I bend to grab the bucket and make it one step before she responds.
"No, wait," Jean says. I pause, half-turned away and not wanting to turn back, both because I am really uncomfortable having interrupted their moment of intimacy as well as not wanting to look at her in general. "Kai, please. It's fine. My bad, I should have known it was cleaning day."
"I'll come back," I say again, taking another step.
"There is no need," the Zmaj says. His voice has a rich timbre to it that feels as if it resonates in my bones. "I need to go with my brothers to help harvest more epis. I was merely saying goodbye to my mate."
I feel their eyes burning into my back. I should turn around. Should say something. But what? The muscles in my neck and shoulders are so tight and knotted up that I can barely keep from shaking. It's making my head hurt too.
I hear the sound of a kiss, then murmured goodbyes and the Zmaj walks past. He pauses in front of me, but I keep my head down.
"It is a pleasure," he says in passable Common. "I am sorry for the display if it made you uncomfortable."
"Heh," I say, more a noise than a response because I don't know what to say.
Saying yes, it made me uncomfortable? Walking in on intimacy like that is never comfortable. Especially knowing no one will ever love me, touch me, or look at me with anything less than pity at the best and horror at the worst.
He walks away without further words but I'm still standing here in the hall needing to turn and do my duties, but not wanting to face Jean. It is an effort of will to force myself to turn and enter the room. I set my bucket and supplies down then grab my brushes. All the while I feel her eyes on me. Watching, waiting, expecting what? I have nothing to give, all I want is for this to be over as fast as possible.
"Kai, I'm sorry," Jean says.
She doesn't explain what she is sorry about and thankfully she doesn't come closer either. I dip the brush in the solution and scrub the floor in silence. We've said all these words before and I have no absolution for her. In truth it's not her fault. It's not anyone's fault. It was a horrible twist of fate that left me the way I am. What else is there to say?
I think that the silence has gone on long enough that she might leave it alone. I think, but then she moves closer. My heart speeds up and my stomach tightens. Please don't do this Jean. Please. But she does. She kneels in front of me and then places a hand on my shoulder.
"Kai," she says, gently squeezing. "I want to help."
"I know," I say, my throat is tight and those damnable tears push hard against my eyes again. "It's fine."
"It's not fine," she says. "It shouldn't have been you. I'm so sorry."
"Can you not? Please?" I ask, anger burning away the tears with its sudden appearance and I lift my head to face her head on.
Regret almost quashes the anger the moment our eyes meet. The pity in hers is too much to bear. I can't stand it, damn it. The situation sucks, but pity gets me nowhere.
"Kai, it was an accident. I know you"re hurting but we were friends?—"
"Were," I snap, dropping my head and jerking my shoulder free of her grip. Her soft gasp makes me feel worse. She doesn't deserve my anger either and knowing that it evaporates as fast as it came. "It's not your fault, but I'm fine."

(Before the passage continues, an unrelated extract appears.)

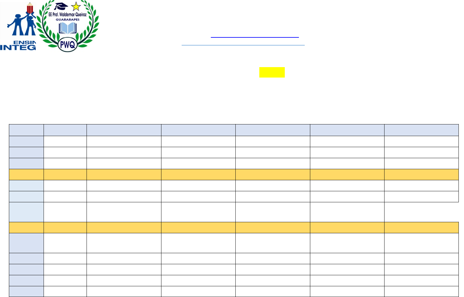 <p>EE PROFESSOR WALDEMAR QUEIROZ</p><p>Endereço: Rua Seis de Junho, 1100</p><p>Autorização da Escola: Decreto 50.537</p><p>Fone: (18) 3606-1860</p><p>E-mail: e030041a@educacao.sp.gov.br</p><p>coordenacaowaldemarqueiroz@gmail.com</p><p>ENSINO FUNDAMENTAL – ANOS FINAIS</p><p>AGENDA PEDAGÓGICA MENSAL JUNHO: 03/06/2024 a 30/06/2024</p><p>Professor(a): CAMILA FURLAN Disciplina: Tecnologia e Inovação Validação:</p><p>Aulas</p><p>Horários</p><p>Segunda-feira</p><p>Terça-feira</p><p>Quarta-feira</p><p>Quinta-feira</p><p>Sexta-feira</p><p>1ª aula</p><p>07:00 – 07:45</p><p>2ª aula</p><p>07:45 – 08:30</p><p>3ª aula</p><p>08:30 – 09:15</p><p>Intervalo</p><p>09:15 – 09:30</p><p>4ª aula</p><p>09:30 – 10:15</p><p>5ª aula</p><p>10:15 – 11:00</p><p>6ª aula</p><p>11:00 – 11:45</p><p>8ª SÉRIE C- TECNOLOGIA</p><p>Almoço</p><p>11:45 – 12:30</p><p>7ª aula</p><p>12:30 – 13:15</p><p>8ª SÉRIE C- TECNOLOGIA</p><p>9º B- TECNOLOGIA</p><p>9º A- TECNOLOGIA</p><p>9º C- TECNOLOGIA</p><p>8ª aula</p><p>13:15 – 14:00</p><p>9º B- TECNOLOGIA</p><p>9º A- TECNOLOGIA</p><p>9º C - TECNOLOGIA</p><p>14:00 – 14:45</p><p>14:45 – 15:15</p><p>15:15 – 16:00</p><p>AGENDA PEDAGÓGICA MENSAL:</p><p>ENSINO FUNDAMENTAL JULHO – 01/07/2024 A 10/07/2024</p><p>Professor(a): CAMILA FURLAN Disciplina: Tecnologia e Inovação Validação:</p><p>Aulas</p><p>Horários</p><p>Segunda-feira</p><p>Terça-feira</p><p>Quarta-feira</p><p>Quinta-feira</p><p>Sexta-feira</p><p>1ª aula</p><p>07:00 – 07:45</p><p>2ª aula</p><p>07:45 – 08:30</p><p>3ª aula</p><p>08:30 – 09:15</p><p>Intervalo</p><p>09:15 – 09:30</p><p>4ª aula</p><p>09:30 – 10:15</p><p>5ª aula</p><p>10:15 – 11:00</p><p>6ª aula</p><p>11:00 – 11:45</p><p>8ª SÉRIE C- TECNOLOGIA</p><p>Almoço</p><p>11:45 – 12:30</p><p>7ª aula</p><p>12:30 – 13:15</p><p>8ª SÉRIE C- TECNOLOGIA</p><p>9º B- TECNOLOGIA</p><p>9º A- TECNOLOGIA</p><p>9º C- TECNOLOGIA</p><p>8ª aula</p><p>13:15 – 14:00</p><p>9º B- TECNOLOGIA</p><p>9º A- TECNOLOGIA</p><p>9º C - TECNOLOGIA</p><p>14:00 – 14:45</p><p>14:45 – 15:15</p><p>15:15 – 16:00</p><p>image1.png</p><p>image2.png</p>

"Kai you're hurting. Let me?—"
"Jean," I say, speaking softly and calm, I look at her through the strands of my hair. "I am fine. Do not worry about me, please. Now I need to do my duties. Please."

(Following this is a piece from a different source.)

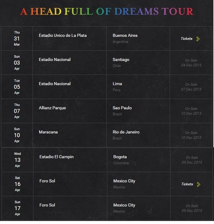 Quizás a manera de compensación, debido a que no salieron de gira con su anterior disco, la banda inglesa Coldplay anunció el pasado 19 de noviembre que hará una extensa gira mundial para promocionar su nuevo álbum, A Head Full Of Dreams.

She frowns, opens her mouth then snaps it shut. Her eyes glisten with unshed tears but she nods and leaves. And at last I'm alone. In the room where it happened.

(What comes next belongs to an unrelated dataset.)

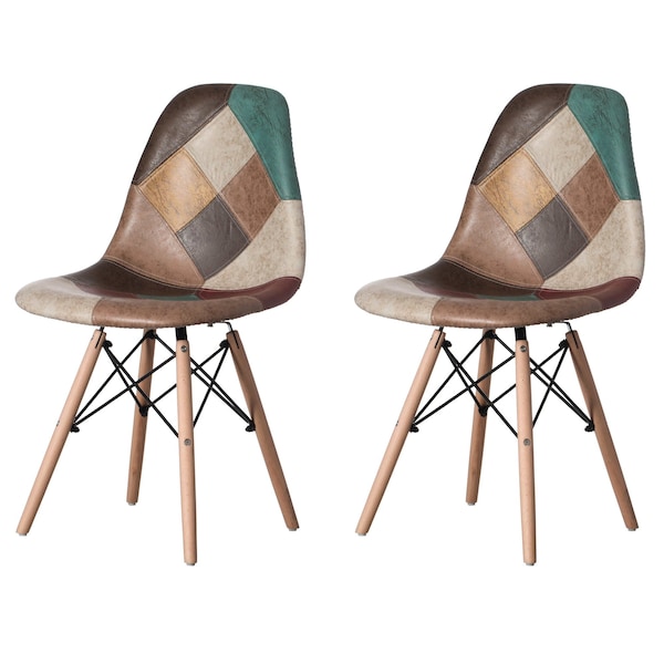 Modern Fabric Patchwork Chair w/Leather and Suede Like Tones w/Wooden Legs, PK 2

I look over at where I was thrown and trapped during the crash. My face pressed to the red-hot metal of the engine desperately trying to keep the ship from falling into the gravity well of the planet. The moment that destroyed my face and my life. The phantom pain throbs but it's only memory. Memories don't do anyone any good.
I scrub the floors harder. Hoping that maybe, somehow, I'll be able to scrub away the memory and the pain too.